**Task brief:**
Filter on the word "узлов": copy each matching line from the listing below.

**Records for this exercise:**
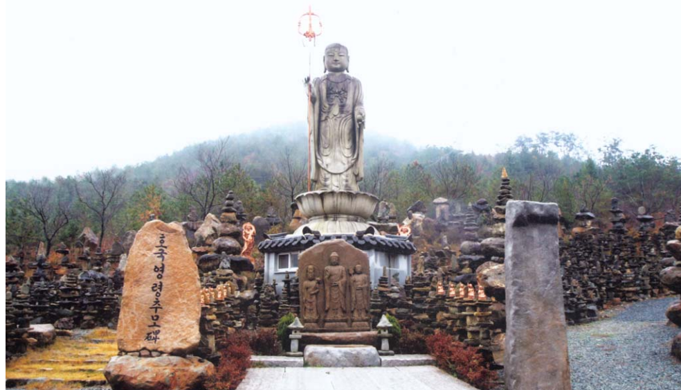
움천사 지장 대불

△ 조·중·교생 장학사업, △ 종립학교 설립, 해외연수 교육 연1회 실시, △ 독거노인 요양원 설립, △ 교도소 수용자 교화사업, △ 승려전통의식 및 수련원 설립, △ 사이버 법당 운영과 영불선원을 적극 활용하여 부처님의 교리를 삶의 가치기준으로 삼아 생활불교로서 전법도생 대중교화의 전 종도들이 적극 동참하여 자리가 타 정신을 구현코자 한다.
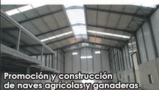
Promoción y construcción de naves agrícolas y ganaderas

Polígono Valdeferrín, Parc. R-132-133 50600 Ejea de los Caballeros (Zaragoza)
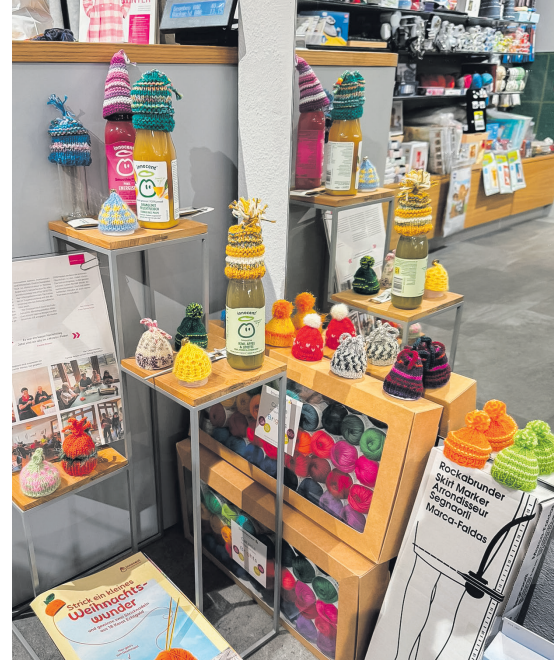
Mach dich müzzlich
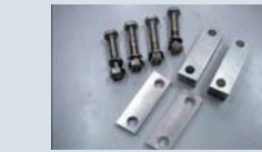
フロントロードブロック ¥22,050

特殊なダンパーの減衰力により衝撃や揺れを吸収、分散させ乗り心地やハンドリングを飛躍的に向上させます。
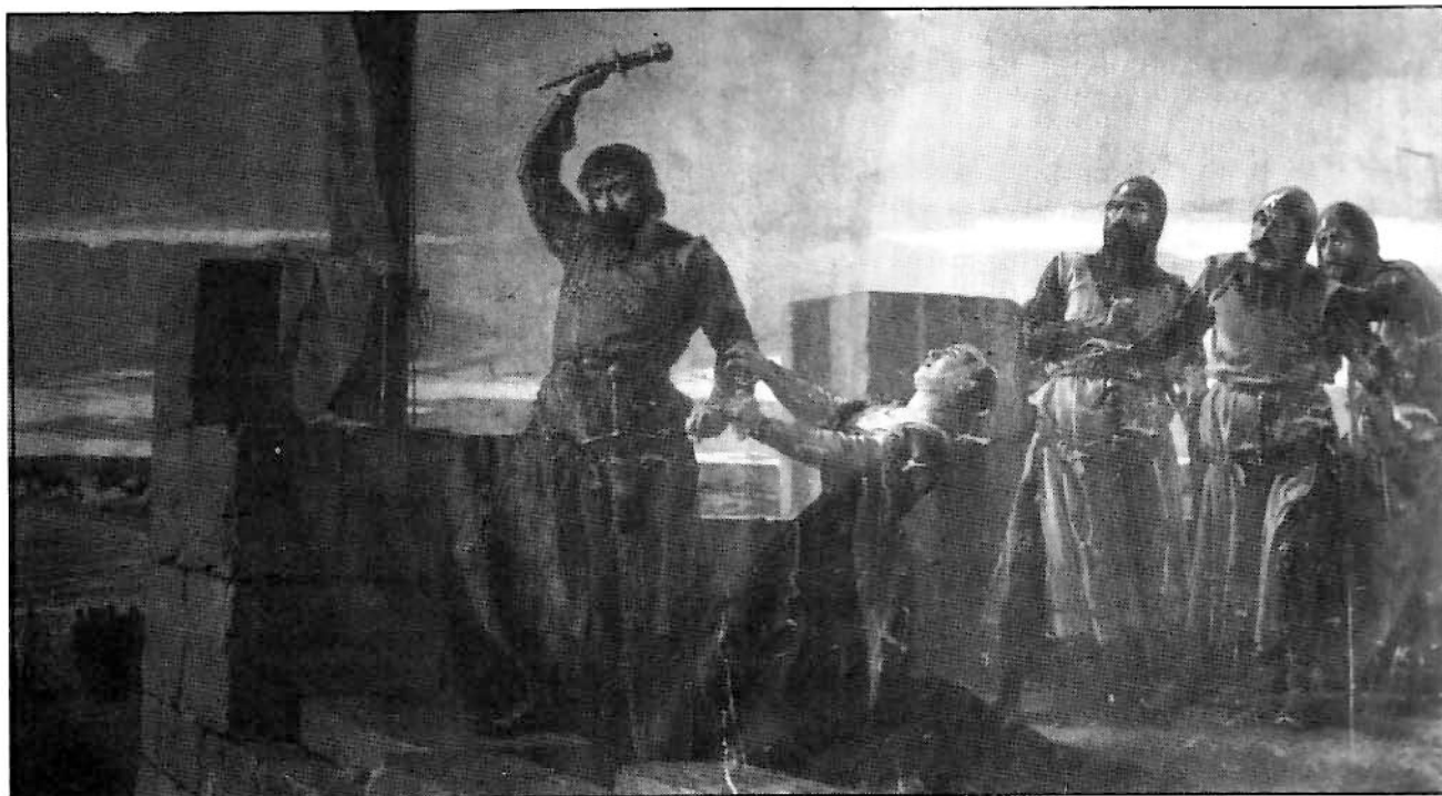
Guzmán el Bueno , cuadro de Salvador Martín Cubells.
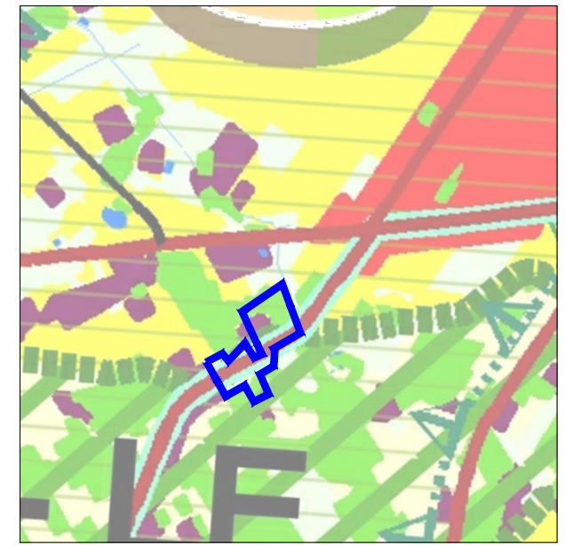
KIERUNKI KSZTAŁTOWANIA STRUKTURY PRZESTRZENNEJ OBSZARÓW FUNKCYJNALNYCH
--
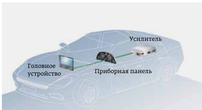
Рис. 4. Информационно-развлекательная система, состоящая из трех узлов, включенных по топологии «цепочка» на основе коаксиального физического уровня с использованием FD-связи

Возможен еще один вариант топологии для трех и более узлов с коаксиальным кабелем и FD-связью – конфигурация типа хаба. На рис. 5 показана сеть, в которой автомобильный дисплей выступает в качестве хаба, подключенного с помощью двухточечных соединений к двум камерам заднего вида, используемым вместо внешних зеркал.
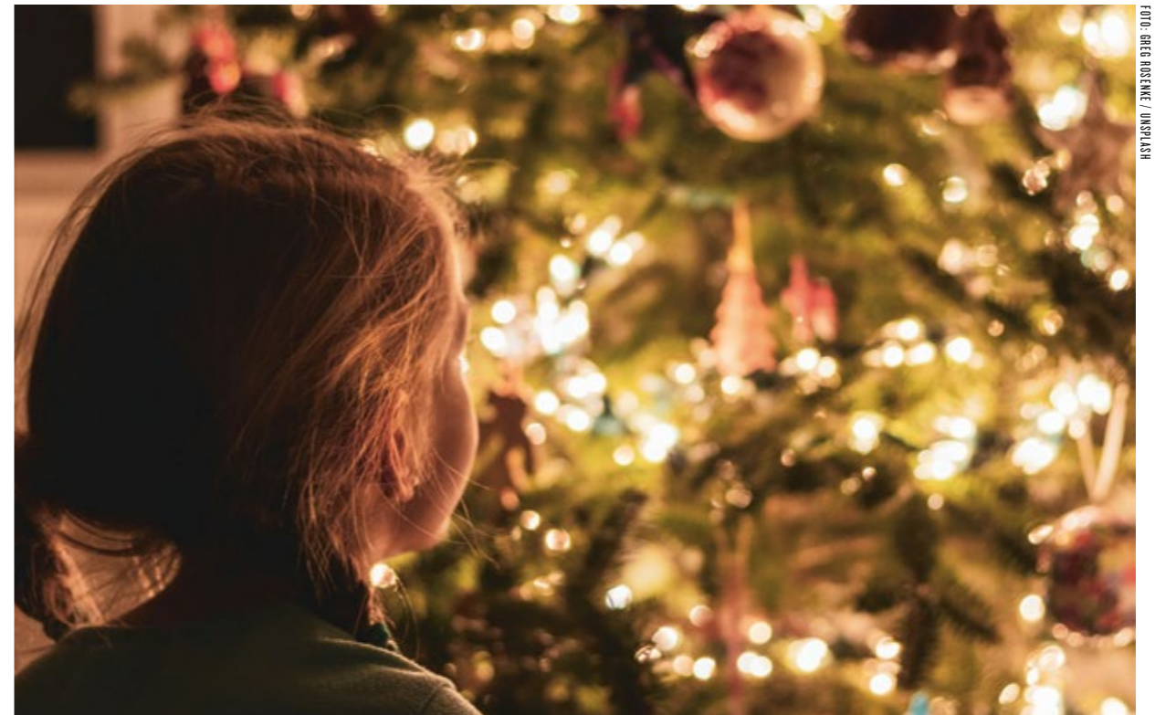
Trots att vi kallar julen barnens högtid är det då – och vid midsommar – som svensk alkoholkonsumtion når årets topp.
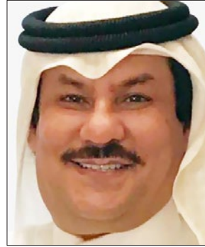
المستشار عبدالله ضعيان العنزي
...
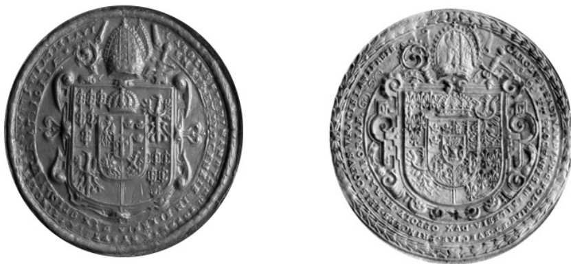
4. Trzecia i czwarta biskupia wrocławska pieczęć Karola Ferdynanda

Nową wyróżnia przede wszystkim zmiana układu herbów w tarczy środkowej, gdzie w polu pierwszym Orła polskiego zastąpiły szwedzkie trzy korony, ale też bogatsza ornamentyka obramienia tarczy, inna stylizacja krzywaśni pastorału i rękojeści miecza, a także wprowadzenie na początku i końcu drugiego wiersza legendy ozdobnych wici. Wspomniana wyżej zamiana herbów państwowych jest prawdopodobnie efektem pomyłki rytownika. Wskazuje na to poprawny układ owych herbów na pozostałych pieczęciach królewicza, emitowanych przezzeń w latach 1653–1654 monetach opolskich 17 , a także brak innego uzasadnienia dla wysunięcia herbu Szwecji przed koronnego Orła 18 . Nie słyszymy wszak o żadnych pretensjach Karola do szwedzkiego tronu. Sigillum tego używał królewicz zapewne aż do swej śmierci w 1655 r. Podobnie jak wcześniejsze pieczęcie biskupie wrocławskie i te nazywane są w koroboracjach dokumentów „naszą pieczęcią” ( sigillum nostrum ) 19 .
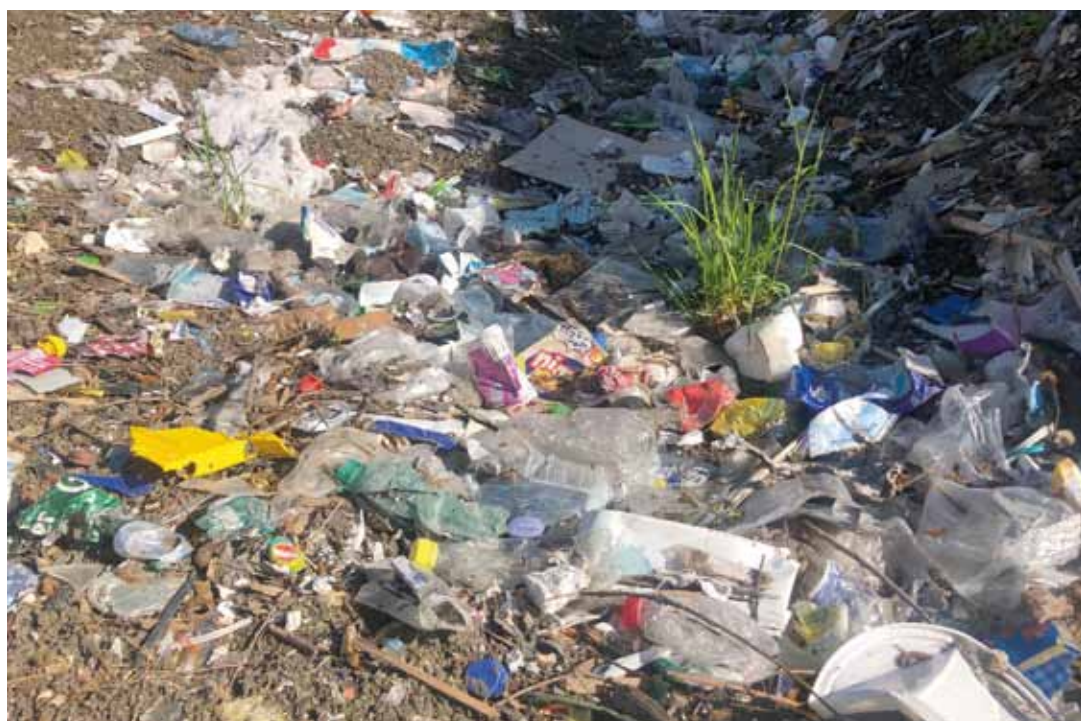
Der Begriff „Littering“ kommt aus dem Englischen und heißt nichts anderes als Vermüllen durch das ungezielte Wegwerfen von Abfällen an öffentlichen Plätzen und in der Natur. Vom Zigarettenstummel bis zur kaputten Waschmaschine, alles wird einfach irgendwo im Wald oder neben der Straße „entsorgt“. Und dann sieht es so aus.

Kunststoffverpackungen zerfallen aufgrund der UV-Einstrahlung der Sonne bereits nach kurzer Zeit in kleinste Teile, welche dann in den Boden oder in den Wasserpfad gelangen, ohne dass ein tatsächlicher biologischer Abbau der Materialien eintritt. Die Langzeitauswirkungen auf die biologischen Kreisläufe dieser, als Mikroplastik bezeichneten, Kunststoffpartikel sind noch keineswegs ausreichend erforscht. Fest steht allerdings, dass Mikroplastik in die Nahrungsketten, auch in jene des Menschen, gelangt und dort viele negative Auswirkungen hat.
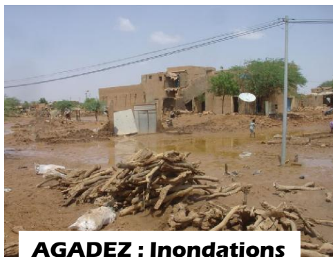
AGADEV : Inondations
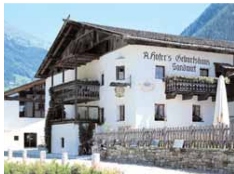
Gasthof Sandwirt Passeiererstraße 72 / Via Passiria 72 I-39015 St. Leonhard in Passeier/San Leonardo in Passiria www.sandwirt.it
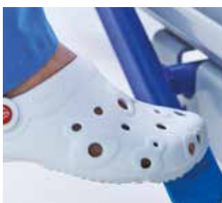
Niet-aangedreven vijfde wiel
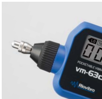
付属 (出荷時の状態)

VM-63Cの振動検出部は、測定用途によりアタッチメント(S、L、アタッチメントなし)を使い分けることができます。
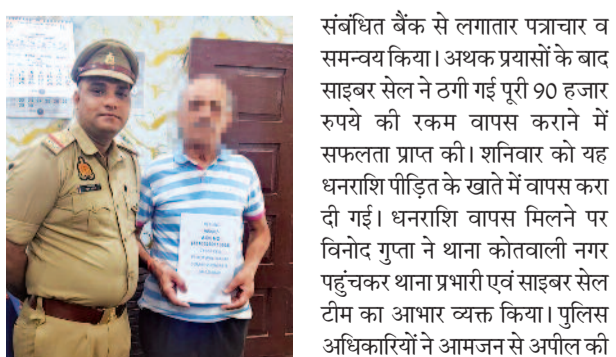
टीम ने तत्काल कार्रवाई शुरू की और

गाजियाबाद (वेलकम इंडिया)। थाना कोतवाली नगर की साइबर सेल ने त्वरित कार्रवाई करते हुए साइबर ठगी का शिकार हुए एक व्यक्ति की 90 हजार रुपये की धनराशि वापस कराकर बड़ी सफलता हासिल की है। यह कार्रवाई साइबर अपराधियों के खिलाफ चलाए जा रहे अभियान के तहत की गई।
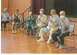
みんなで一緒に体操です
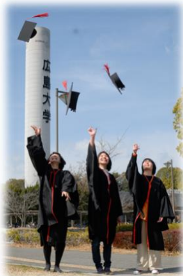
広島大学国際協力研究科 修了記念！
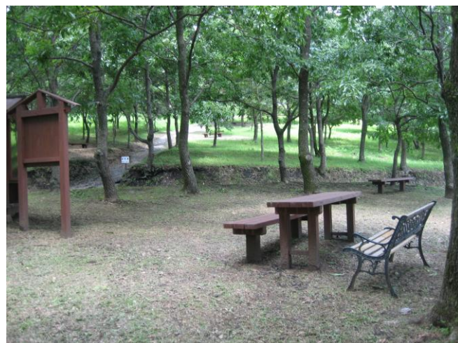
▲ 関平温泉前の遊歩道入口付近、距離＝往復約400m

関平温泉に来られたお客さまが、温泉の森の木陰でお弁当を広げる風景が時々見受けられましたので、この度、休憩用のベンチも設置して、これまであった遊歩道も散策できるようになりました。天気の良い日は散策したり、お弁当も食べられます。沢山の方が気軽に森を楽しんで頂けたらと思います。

**Result of the exercise:**
Рис. 4. Информационно-развлекательная система, состоящая из трех узлов, включенных по топологии «цепочка» на основе коаксиального физического уровня с использованием FD-связи
Возможен еще один вариант топологии для трех и более узлов с коаксиальным кабелем и FD-связью – конфигурация типа хаба. На рис. 5 показана сеть, в которой автомобильный дисплей выступает в качестве хаба, подключенного с помощью двухточечных соединений к двум камерам заднего вида, используемым вместо внешних зеркал.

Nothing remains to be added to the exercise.